--- RECORD EXCERPTS ---
* * * * * * *

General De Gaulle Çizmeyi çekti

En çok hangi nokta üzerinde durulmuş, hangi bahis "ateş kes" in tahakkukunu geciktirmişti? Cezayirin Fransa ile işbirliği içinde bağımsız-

* * * * * * *

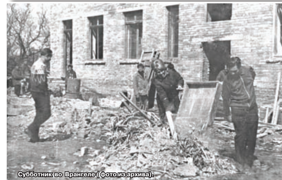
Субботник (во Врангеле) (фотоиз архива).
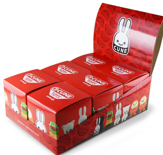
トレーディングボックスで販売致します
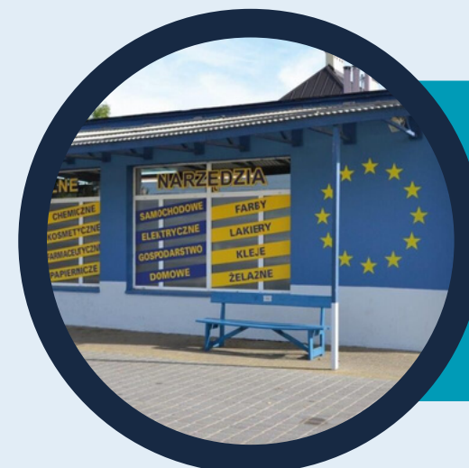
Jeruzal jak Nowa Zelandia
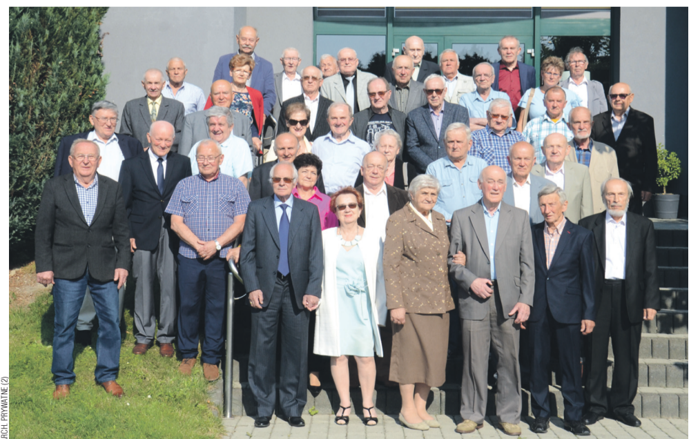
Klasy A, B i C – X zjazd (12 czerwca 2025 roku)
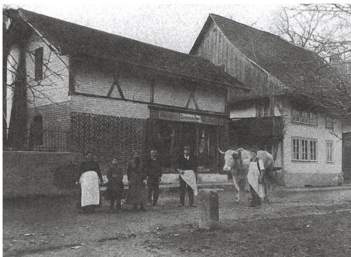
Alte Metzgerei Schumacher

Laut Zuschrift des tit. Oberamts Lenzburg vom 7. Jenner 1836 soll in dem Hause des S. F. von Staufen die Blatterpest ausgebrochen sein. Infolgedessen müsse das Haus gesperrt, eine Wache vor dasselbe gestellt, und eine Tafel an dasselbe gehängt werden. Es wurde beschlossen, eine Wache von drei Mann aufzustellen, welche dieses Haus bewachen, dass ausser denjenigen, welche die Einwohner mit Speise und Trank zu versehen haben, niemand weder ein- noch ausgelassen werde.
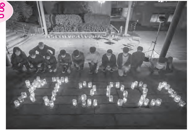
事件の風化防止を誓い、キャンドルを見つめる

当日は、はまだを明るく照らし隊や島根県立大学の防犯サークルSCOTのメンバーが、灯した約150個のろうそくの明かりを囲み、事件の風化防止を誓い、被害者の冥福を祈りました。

* * * * * * *

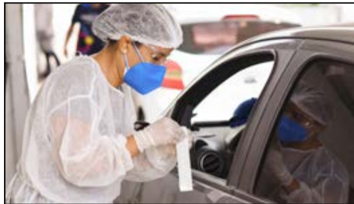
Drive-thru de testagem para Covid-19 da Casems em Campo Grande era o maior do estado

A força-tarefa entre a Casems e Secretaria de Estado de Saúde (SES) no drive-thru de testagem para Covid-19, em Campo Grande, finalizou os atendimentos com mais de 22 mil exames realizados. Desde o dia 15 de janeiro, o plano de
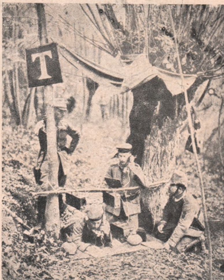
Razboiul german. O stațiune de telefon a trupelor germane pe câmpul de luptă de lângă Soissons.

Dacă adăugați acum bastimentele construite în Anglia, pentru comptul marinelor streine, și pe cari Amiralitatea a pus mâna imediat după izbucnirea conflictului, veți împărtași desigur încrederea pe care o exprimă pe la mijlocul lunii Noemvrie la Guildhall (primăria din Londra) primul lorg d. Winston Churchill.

* * * * * * *

Above is a listing; print exactly its lines from the one with "General De Gaulle Çizmeyi çekti" through the one with "En çok hangi", and no other lines.

--- OUTPUT OF THE EXERCISE ---
General De Gaulle Çizmeyi çekti

En çok hangi nokta üzerinde durulmuş, hangi bahis "ateş kes" in tahakkukunu geciktirmişti? Cezayirin Fransa ile işbirliği içinde bağımsız-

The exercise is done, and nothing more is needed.